Its Computer Science Time

Friday, July 4, 2014

HAMT- A Cool Data Structure

Hash Array Mapped Tries are a cool data structure. They are complex, but have some great characteristics.

You can find the paper "Ideal Hash Trees" from the wikipedia article.
http://en.wikipedia.org/wiki/Hash_array_mapped_trie

A Neat Blog

Just a blog I've been enjoying recently: http://jvns.ca/

Thursday, May 8, 2014

Switches and Buttons and Dials and A Haskell DSL for Embedded Systems Programming

In my ongoing journey towards hobbyist electronics, I've connected a button, a switch, and a dial (potentiometer) to my Arduino. It is simple stuff, but I still did it wrong the first time.

The code is done using the Haskell DSL Ivory, which is pretty easy to get set up with the Arduino. At some point I would also like to get the other language build by the same team called Tower working on the Arduino, which requires FreeRTOS, but that will be a project in itself.
I'm using the makefile from http://www.mjoldfield.com/atelier/2009/02/arduino-cli.html and a little shell script to avoid the Arduino IDE and so I can build everything from the Template Haskell to the Haskell to the C to the final binary and upload it to the Arduino all at once.
No external C code is required when using Ivory (though I have a #define in a header file to configure the generated C code). I even wrapped up some of the Arduino Serial library in C functions to be able to call it from Ivory. The wrapping is necessary to call C++ functions from C, and in this case, to import them as external functions in Ivory.

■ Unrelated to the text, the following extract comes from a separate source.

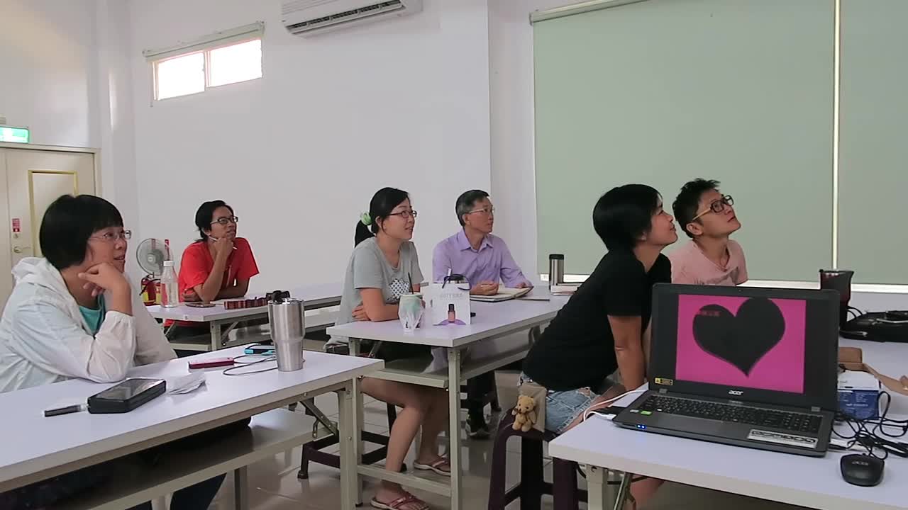 在孩子的嬉戲、哭鬧聲中,一群年輕媽媽爸爸推著嬰兒車,帶著還在地上爬或學走路的小奶娃,聚集在一起學習當公民記者!課堂進行時,爸媽即使必需經常分心去「處理」小孩子的狀況,大家仍然拉長耳朵,注意聽講前面老師的上課內容,時不時加入發言討論。

Ivory itself is a language for embedded systems as a Haskell DSL that does much more type checking and prevents many common bugs compared to C. I've liked it so far, although it certainly takes getting used to. I like that they make use of some Haskell extensions like automatically lifting data values into types and types into kinds. The bitdata aspect of the language looks really great. I am interested in trying to specify things like register contents using their bitdata types to see how much better we can do then C (which I use for this kind of thing at work).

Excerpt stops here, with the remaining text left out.